[PROBLEM]: There is material below. Print exactly the lines starting at the line with "Hopefully you ended" and ending at the line with "The MILWAUKEE M18™", ends included, and no others.

[DATA IN THIS EXERCISE]:
┌──

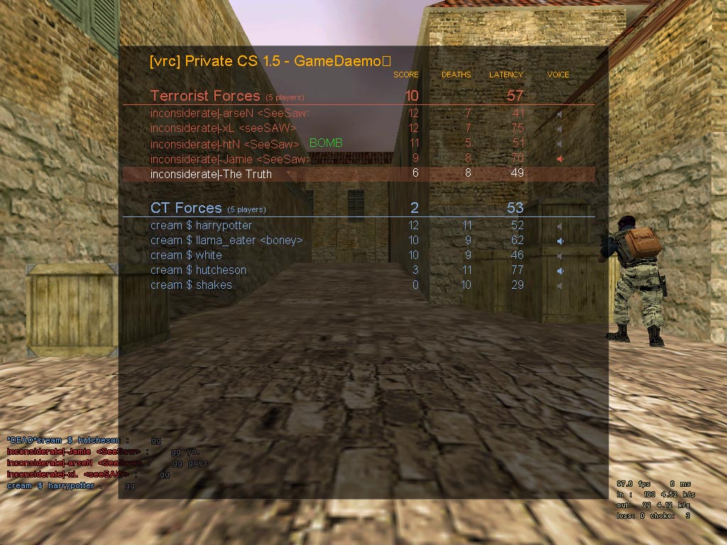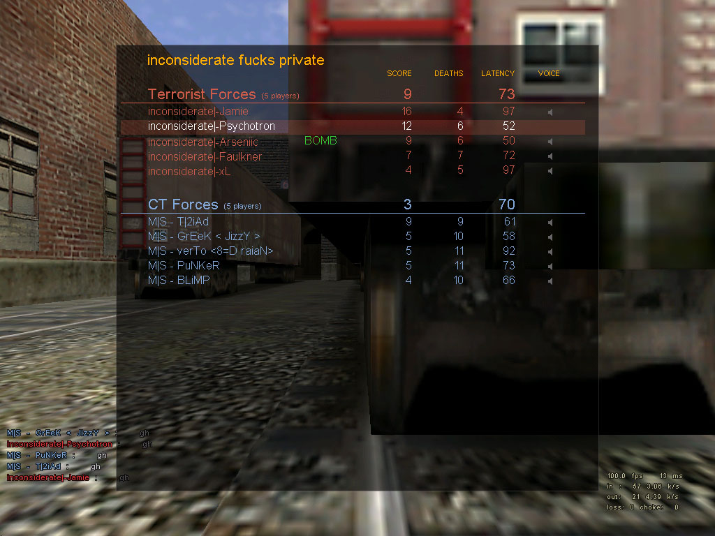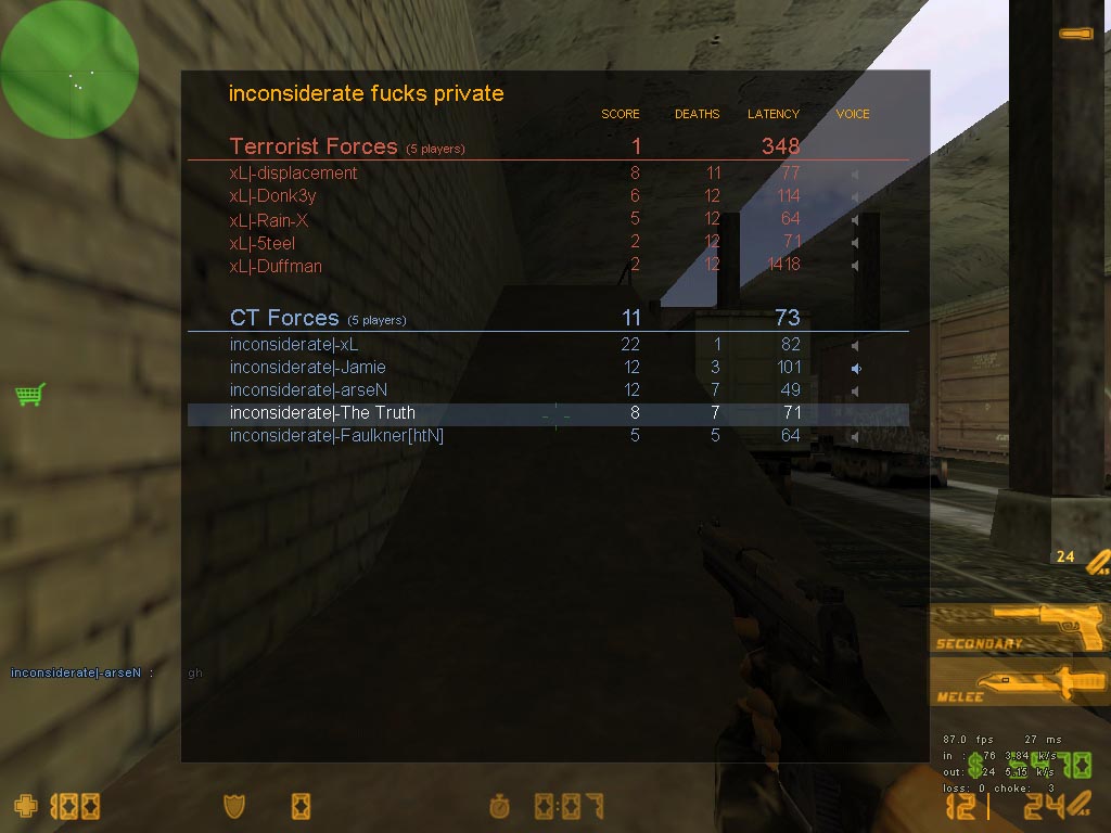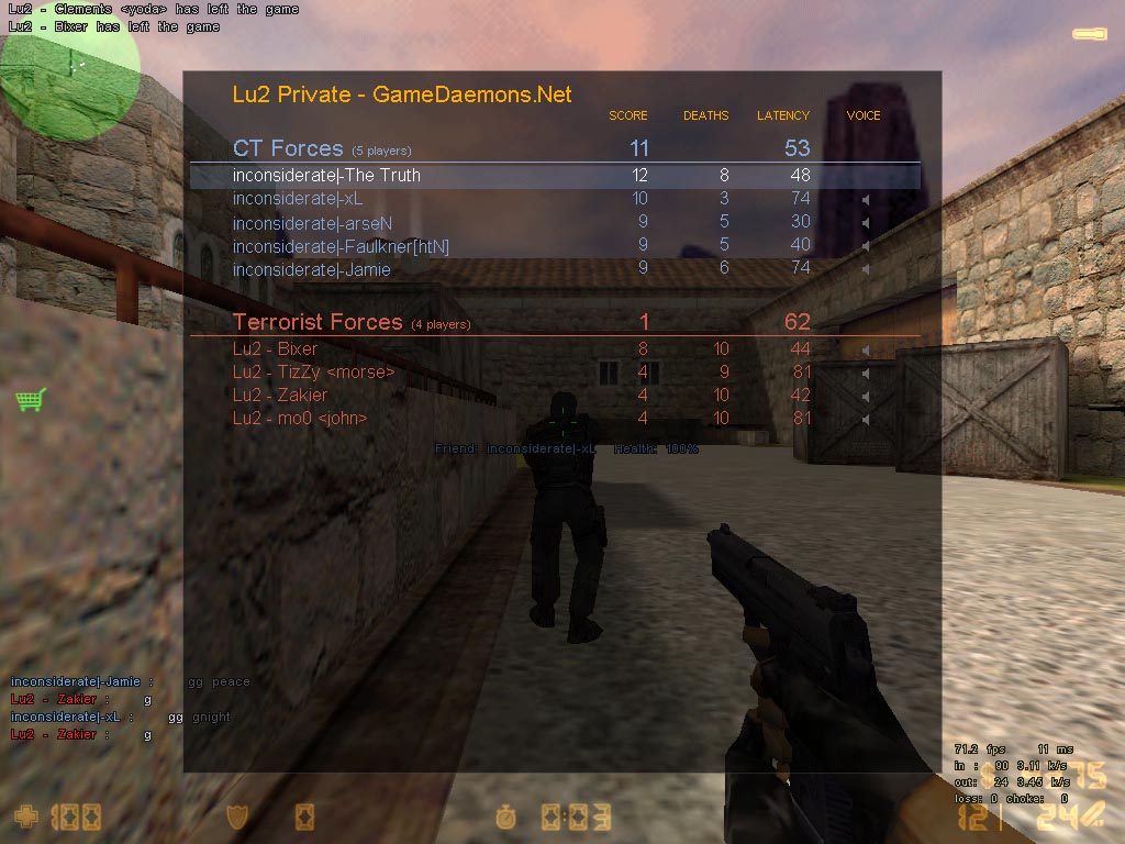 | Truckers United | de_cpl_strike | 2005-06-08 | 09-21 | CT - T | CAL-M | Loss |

└──
┌──

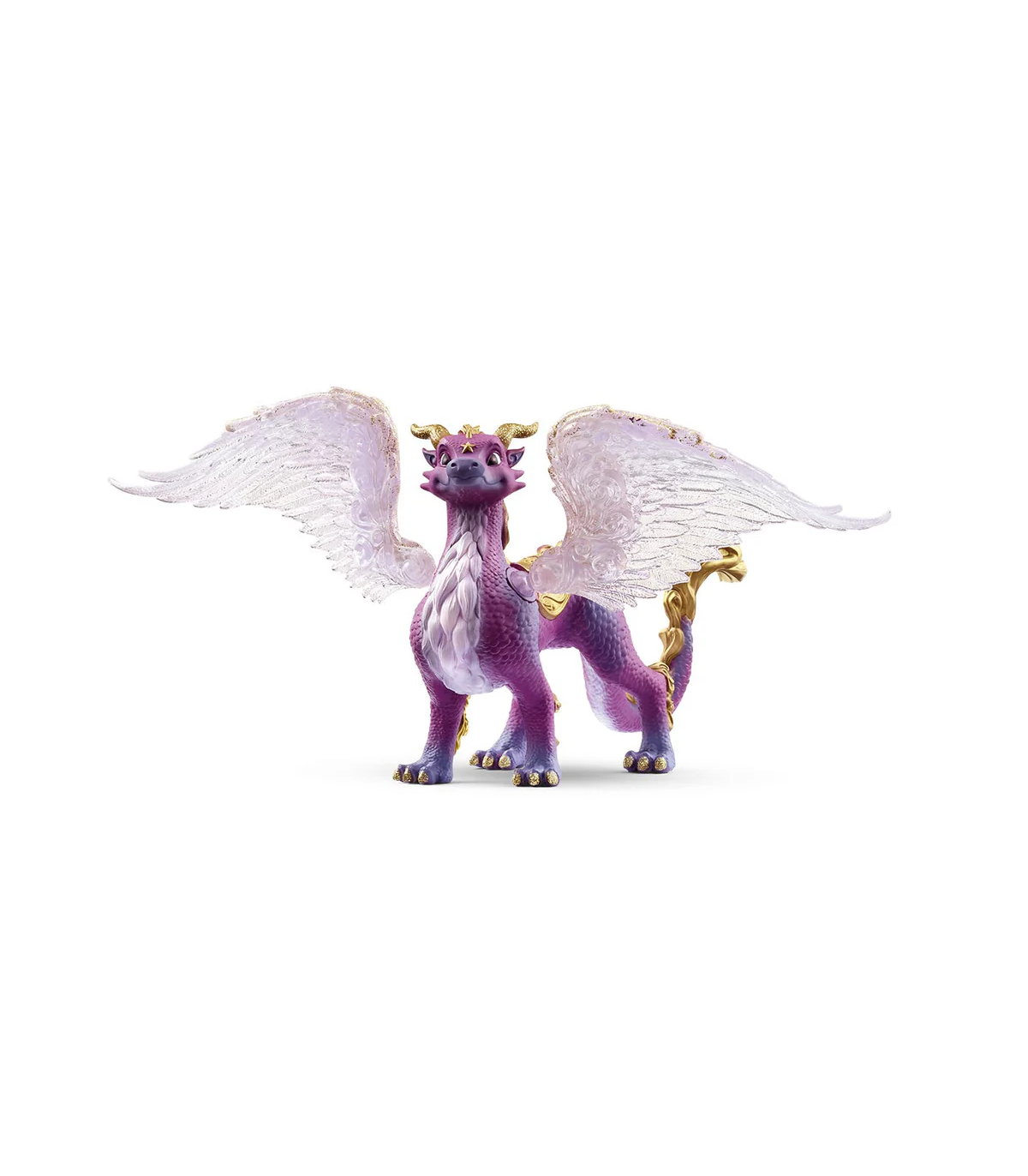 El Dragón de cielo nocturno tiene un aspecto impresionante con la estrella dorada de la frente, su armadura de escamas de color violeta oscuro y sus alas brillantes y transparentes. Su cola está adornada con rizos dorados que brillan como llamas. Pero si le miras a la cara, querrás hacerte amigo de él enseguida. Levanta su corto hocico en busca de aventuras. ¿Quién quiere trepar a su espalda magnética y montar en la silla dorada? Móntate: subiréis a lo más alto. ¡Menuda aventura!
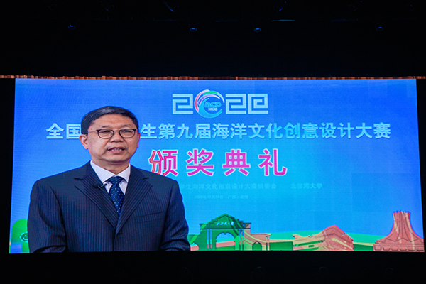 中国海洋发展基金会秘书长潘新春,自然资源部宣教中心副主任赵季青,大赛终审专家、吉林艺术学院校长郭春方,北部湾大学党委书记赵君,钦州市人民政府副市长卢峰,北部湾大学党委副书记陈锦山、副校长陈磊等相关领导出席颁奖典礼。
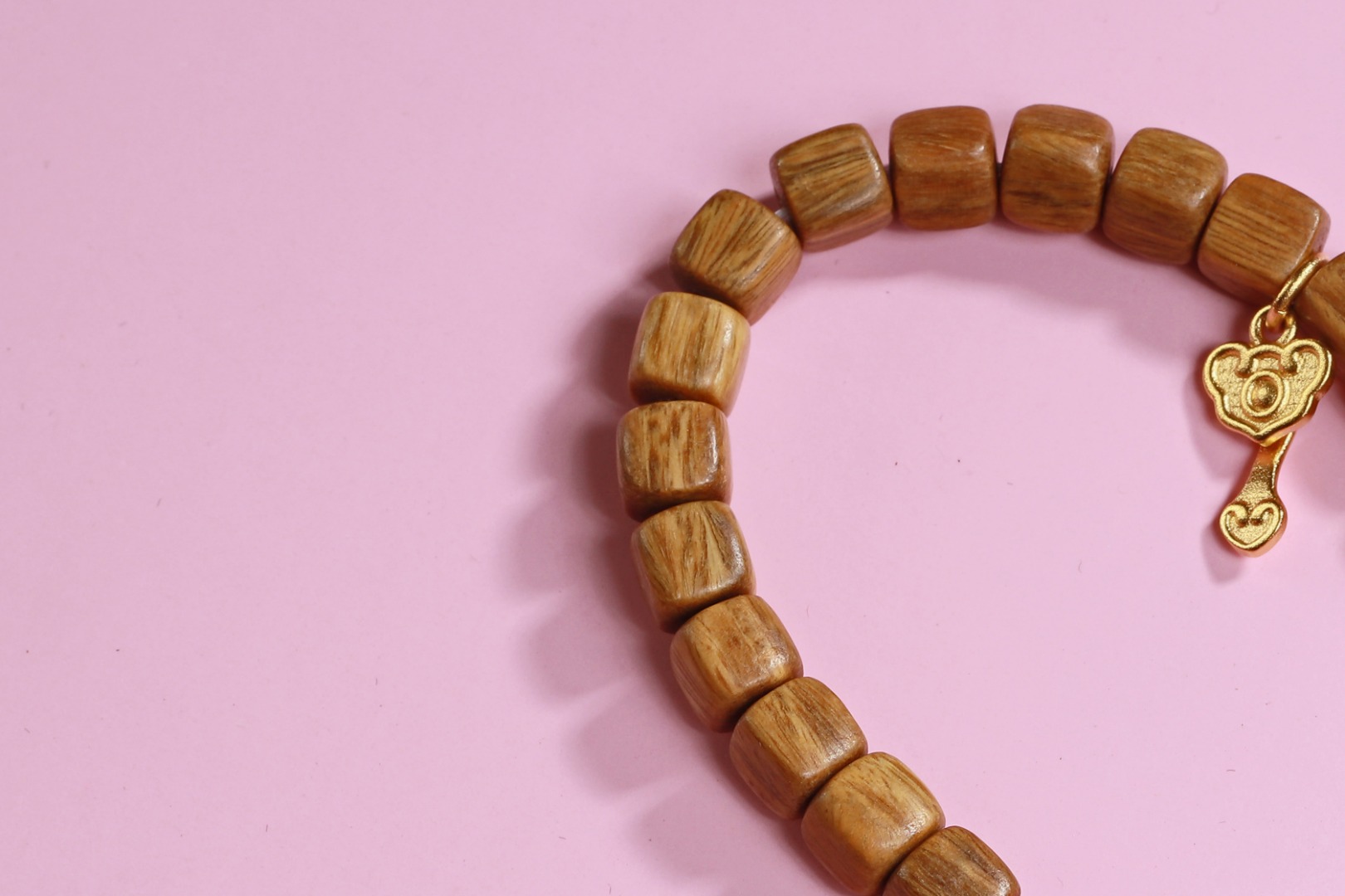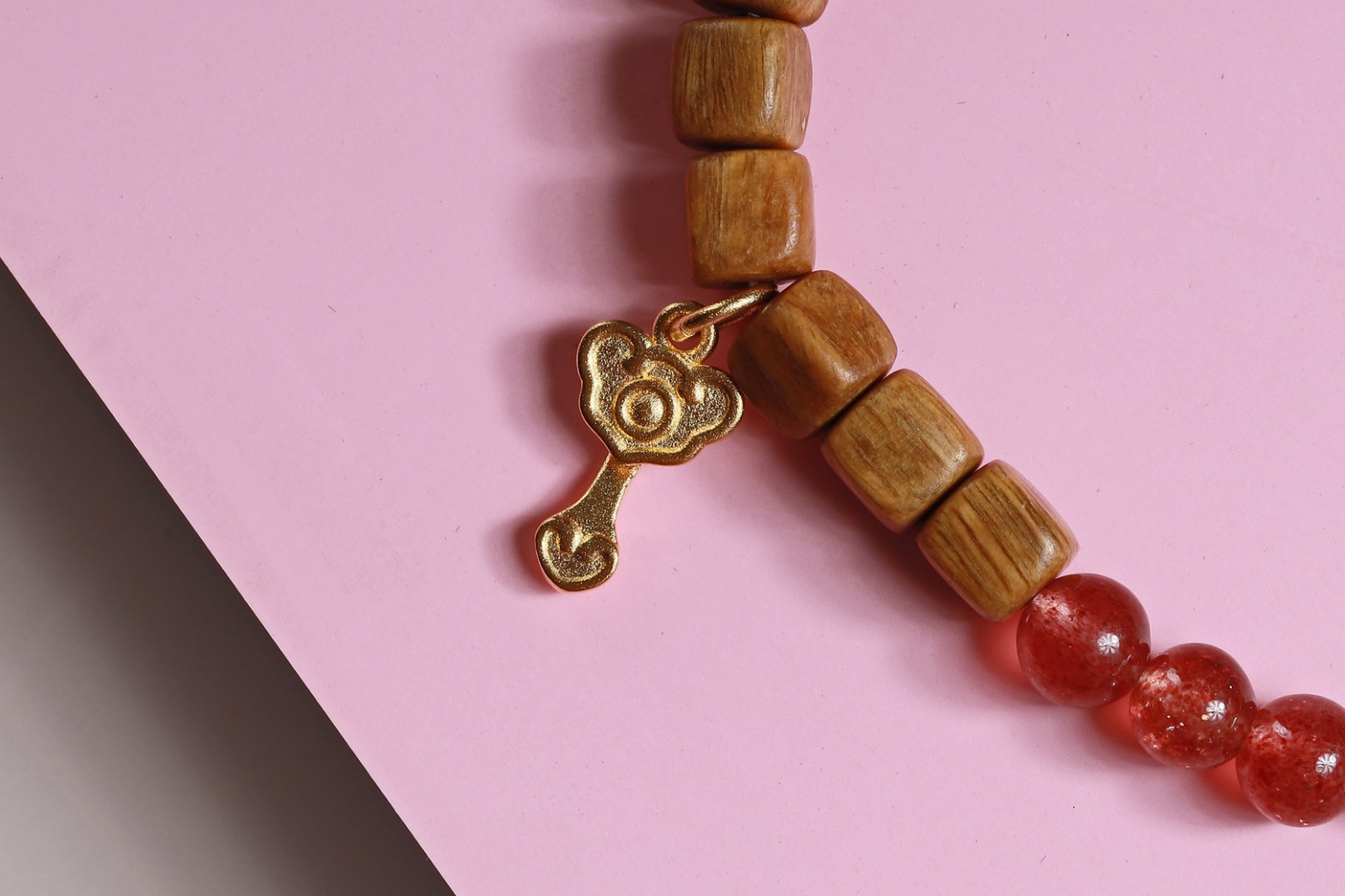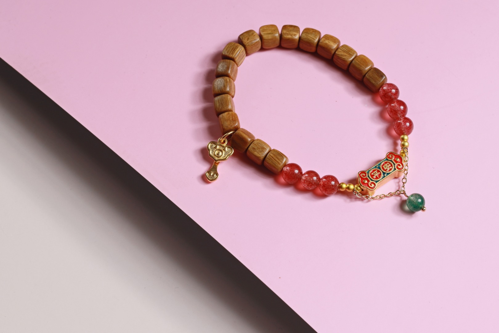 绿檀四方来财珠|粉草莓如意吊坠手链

└──
┌──

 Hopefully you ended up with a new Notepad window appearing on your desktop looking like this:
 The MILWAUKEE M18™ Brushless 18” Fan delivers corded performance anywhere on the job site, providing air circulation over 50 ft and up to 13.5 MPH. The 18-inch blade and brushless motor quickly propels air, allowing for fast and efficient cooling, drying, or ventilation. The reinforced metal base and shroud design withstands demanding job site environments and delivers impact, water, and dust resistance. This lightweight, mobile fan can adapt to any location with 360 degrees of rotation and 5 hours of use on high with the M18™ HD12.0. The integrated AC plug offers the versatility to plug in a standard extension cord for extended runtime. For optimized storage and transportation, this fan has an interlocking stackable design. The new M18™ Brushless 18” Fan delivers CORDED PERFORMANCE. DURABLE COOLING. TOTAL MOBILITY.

└──

[WRITTEN ANSWER]:
 Hopefully you ended up with a new Notepad window appearing on your desktop looking like this:
 The MILWAUKEE M18™ Brushless 18” Fan delivers corded performance anywhere on the job site, providing air circulation over 50 ft and up to 13.5 MPH. The 18-inch blade and brushless motor quickly propels air, allowing for fast and efficient cooling, drying, or ventilation. The reinforced metal base and shroud design withstands demanding job site environments and delivers impact, water, and dust resistance. This lightweight, mobile fan can adapt to any location with 360 degrees of rotation and 5 hours of use on high with the M18™ HD12.0. The integrated AC plug offers the versatility to plug in a standard extension cord for extended runtime. For optimized storage and transportation, this fan has an interlocking stackable design. The new M18™ Brushless 18” Fan delivers CORDED PERFORMANCE. DURABLE COOLING. TOTAL MOBILITY.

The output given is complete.